Литмир - Электронная Библиотека
Содержание  
A
A

– «Святейший Понтифик – это одно дело, а Мать наша Церковь – другое», – процитировал Рогир.

– Но я… я могу свидетельствовать, что это отнюдь не Искусство Чародейства, – не сдавался францисканец. – Не что иное, как Искусство оптической мудрости, обретенной через эксперимент, заметьте. Я могу это доказать и – мое имя кое-что значит для тех, кто отваживается думать.

– Поди найди их! – проквакал Рогир Салернский. – Их всего пять или шесть во всем мире. Это чуть меньше пяти фунтов пепла на костре. Я уже видел, как таких людей… укрощали.

– Я не сдамся! – В голосе францисканца звучали страсть и отчаяние. – Это будет грех против Света.

– Нет, нет! Давайте… давайте освятим маленьких животных Варрона, – поддержал его Фома.

Стефан наклонился, выловил свое кольцо из кубка и надел его на палец.

– Дети мои, – сказал он, – мы видели то, что видели.

– Это не чародейство, но обычное Искусство, – упорствовал францисканец.

– Это неважно. Матерь наша Церковь сочтет, что мы видели более, нежели дозволено человеку.

– Но это же была Жизнь – сотворенная и радеющая, – проговорил Фома.

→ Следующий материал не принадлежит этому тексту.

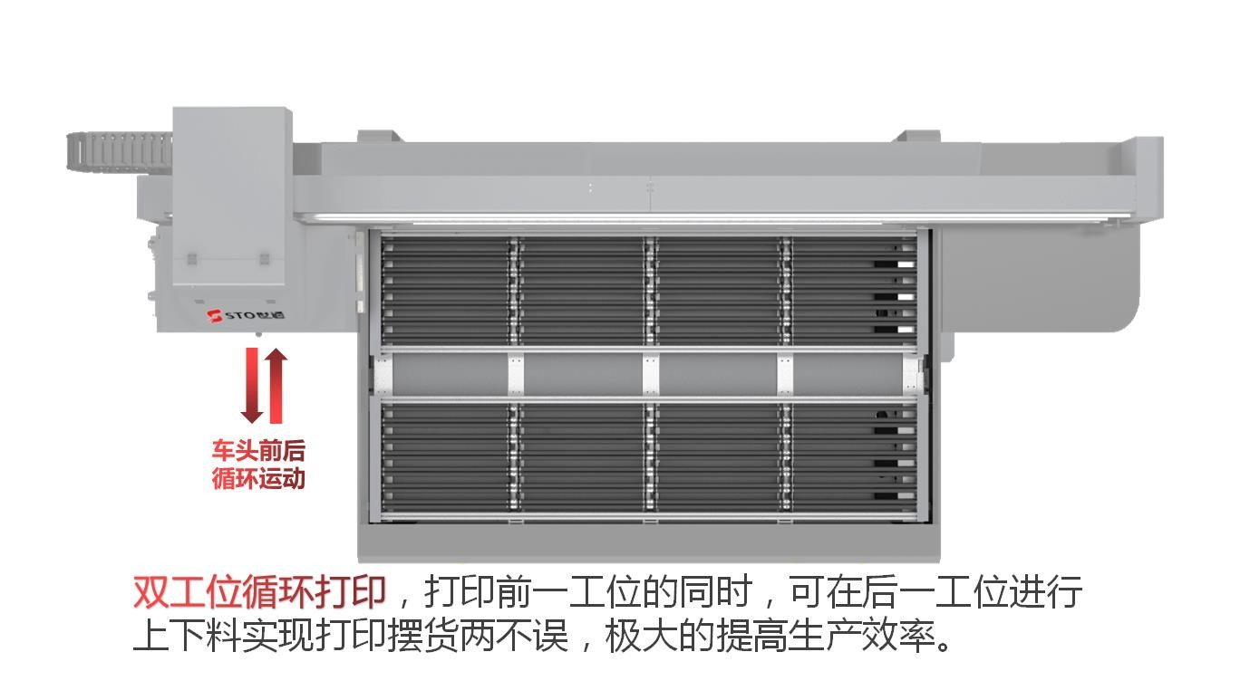 雙工位循環打印,打印前一工位的同時,可在后一工位進行
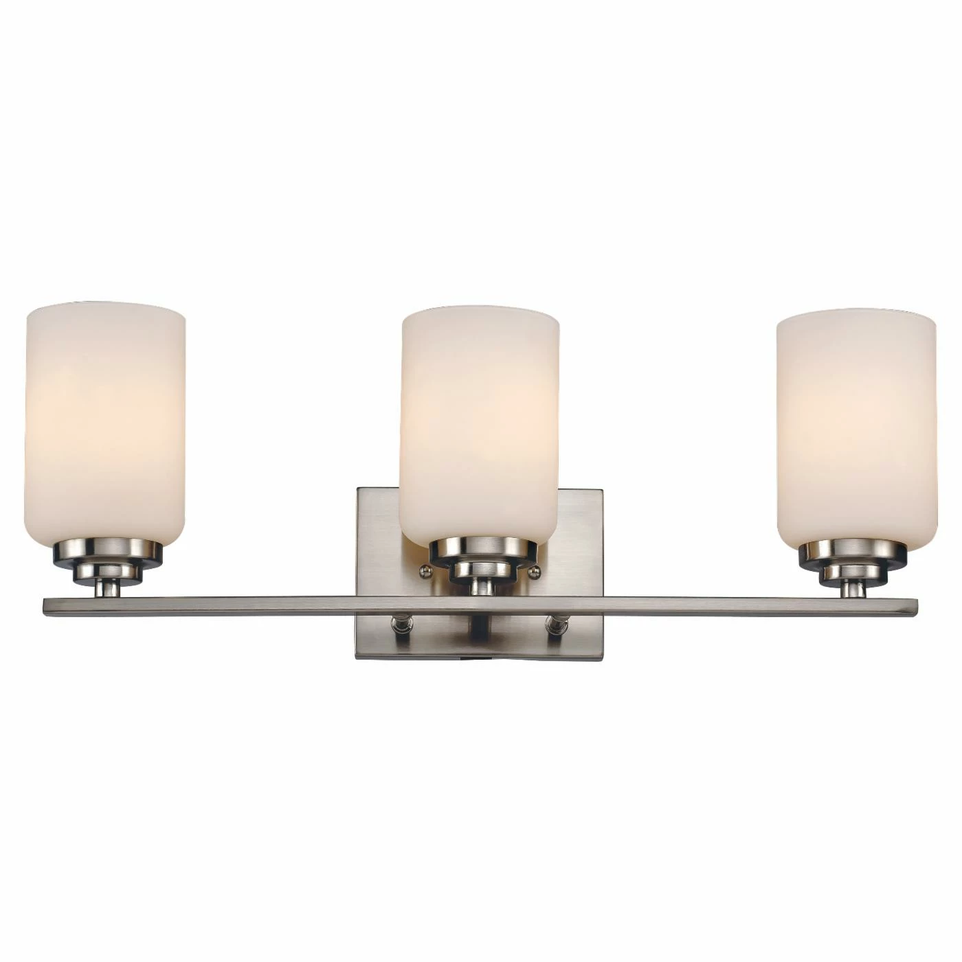 The Trans Globe Lighting 70523 Mod Space 3-Light Bathroom Vanity Light features three white frosted candle shades and steam punk piston hardware that add up to an industrial vibe. Available in select finish options you’ll love. This three-light fixture may be mounted with bulbs facing up or down. Bulbs not included.

– Заглядывать в Ад – а именно в этом нас и обвинят, и обвинение это докажут, – так вот, заглядывать в Ад – это долг и право одних только священников.

– Или бледных и немочных девиц на полпути к святости, которые по причинам, известным любой повивальной бабке…

Аббат приподнял руку и остановил излияния Рогира Салернского.

– Но даже и священникам не дозволено увидеть в Преисподней больше того, о чем Мать наша Церковь знает. Иоанн, Церковь тоже заслуживает уважения, так же как и бесы.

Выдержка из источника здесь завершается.